The reflecting mirror may be formed by using the c and the human-shaped projection 1b as one concave surface, and various modifications can be made without departing from the gist of the present invention.

[0043]

According to the lamp house for a curved tube discharge lamp of the present invention, the ultraviolet light radiated in all directions from the curved tube discharge lamp is effectively scattered in front of the object to be exposed or the object to be printed. Therefore, the intensity of ultraviolet light reaching the object to be exposed or the object to be printed can be increased, and the heat energy radiated from the curved tube discharge lamp M is returned to the curved tube discharge lamp M again so as not to be reheated. A lamp capable of extending the life of the tube discharge lamp is obtained.

[Brief description of the drawings]

FIG. 1 is a perspective view showing one embodiment of a lamp house for a curved tube discharge lamp of the present invention.

FIG. 2 is a plan view, a side view and a bottom view showing one embodiment of a curved tube discharge lamp house according to the present invention.

FIG. 3 is an exploded perspective view of the curved tube discharge lamp housing device of the present invention.

FIG. 4 is an explanatory view of scattered light of a lamp house for a curved tube discharge lamp of the present invention.

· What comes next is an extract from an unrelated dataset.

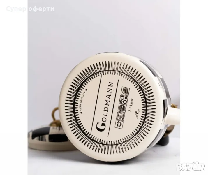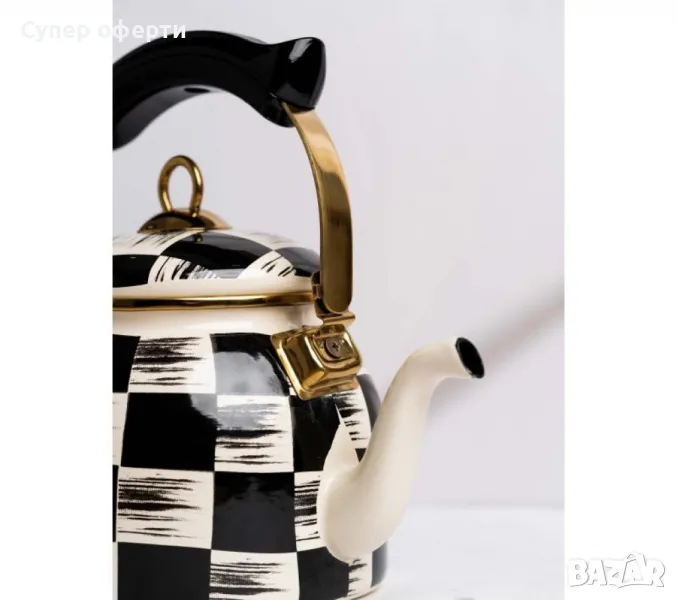 Чайник Goldmann, 2.5л., Емайл, Индукция, Бял/Черен каре → Обява 48506148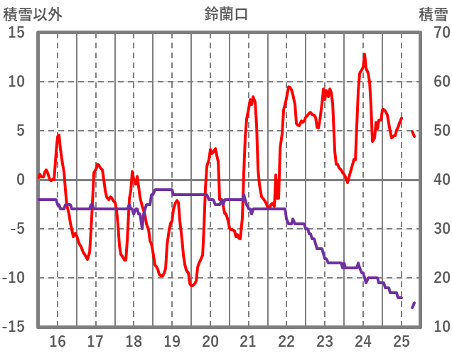 | 日 | 時 | 気温 | 降水 | 風向/風速 | 日照 | 積雪 | 降雪 |

FIG. 5 is a sectional view of a conventional curved tube discharge lamp (ultra high pressure mercury lamp).

FIG. 6 is a plan view of a conventional curved tube discharge lamp housing device.

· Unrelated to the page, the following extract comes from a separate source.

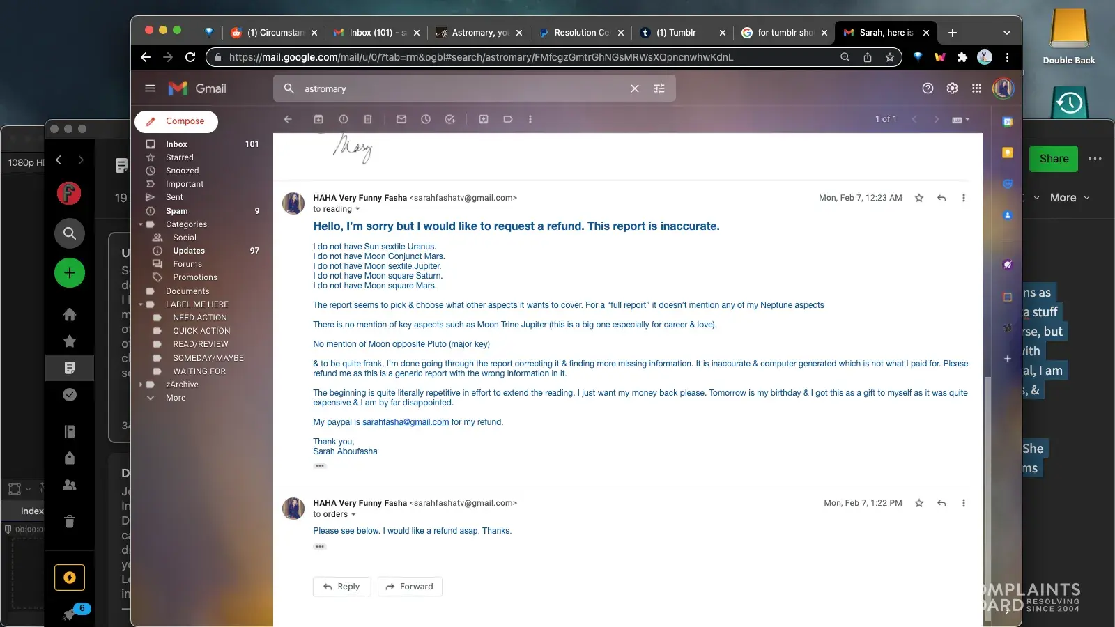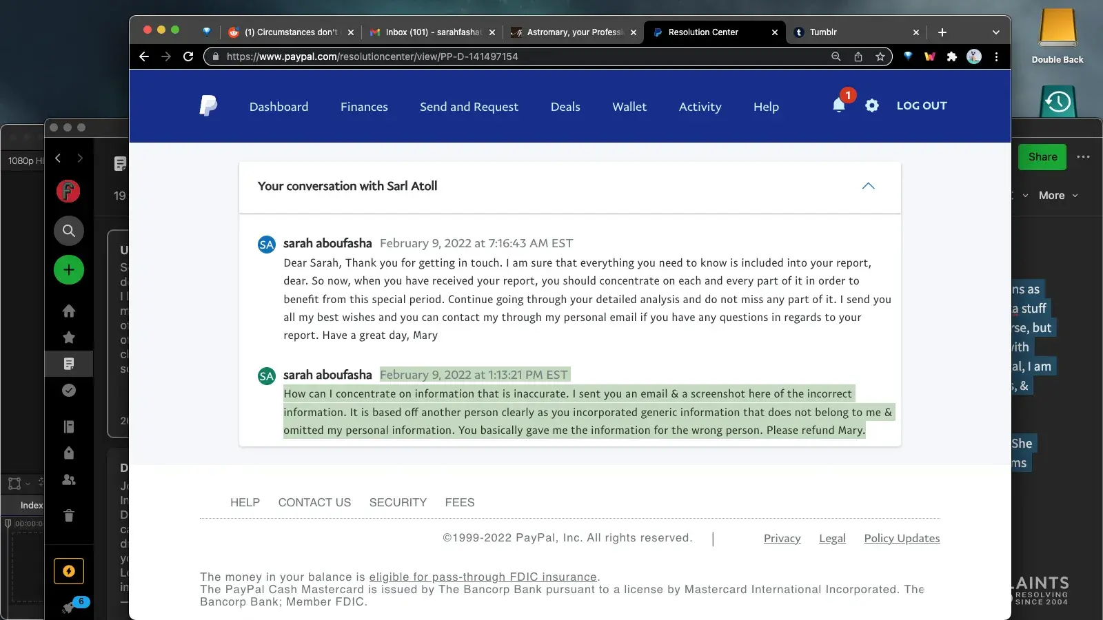 This is my dispute to PayPal along with the screenshot: The report is grossly inaccurate. It is not based off my birth information. Attached is a screenshot of the email I composed & have yet to receive a reply. This is a scam. They said it was a personal full reading when there are many key components are not included, many are false, & it is clear that this is a computer generated report & not a personal one as promised.

FIG. 7 is a side sectional view of a conventional curved tube discharge lamp housing device.

[Explanation of symbols]

1 lamp house, 1a disk, 1b human shaped projection, 1c counterbore, 1e sector, 1L, 1R
‥ Left and right passage, 1m ‥‥ flat part, 2 ‥‥ shoe-shaped counterbore part,
M tube discharge lamp, 3 base, 4 holder, 5 mm
Correction filter, 6 ‥‥ face plate, 7 ‥‥ socket

Claims (3)

[Claims] 1. A lamp house for a curved tube discharge lamp having a lamp housing in which a discharge portion of a curved tube discharge lamp is housed and which has a substantially horseshoe-shaped counterbore serving as a cooling water channel, A lamp house for a curved tube discharge lamp, characterized in that a reflecting plate is provided for radiating light radiated from a side surface direction to a rear surface direction of the curved tube discharge lamp accommodated in the accommodating portion. 2. The reflecting plate formed in the lamp housing portion has a plurality of fan-shaped portions radially divided from the center of the horseshoe-shaped counterbore, and a concave mirror is formed in a radial direction of the plurality of fan-shaped portions. The lamp house for a curved tube discharge lamp according to claim 1, wherein the lamp house is formed. 3. The reflecting plate surface on the back side of the curved tube discharge lamp disposed in the horseshoe-shaped counterbore of the reflecting plate formed in the lamp housing portion is radiated from the curved tube discharge lamp. 2. The lamp house for a curved tube discharge lamp according to claim 1, wherein the heat energy is not reflected forward.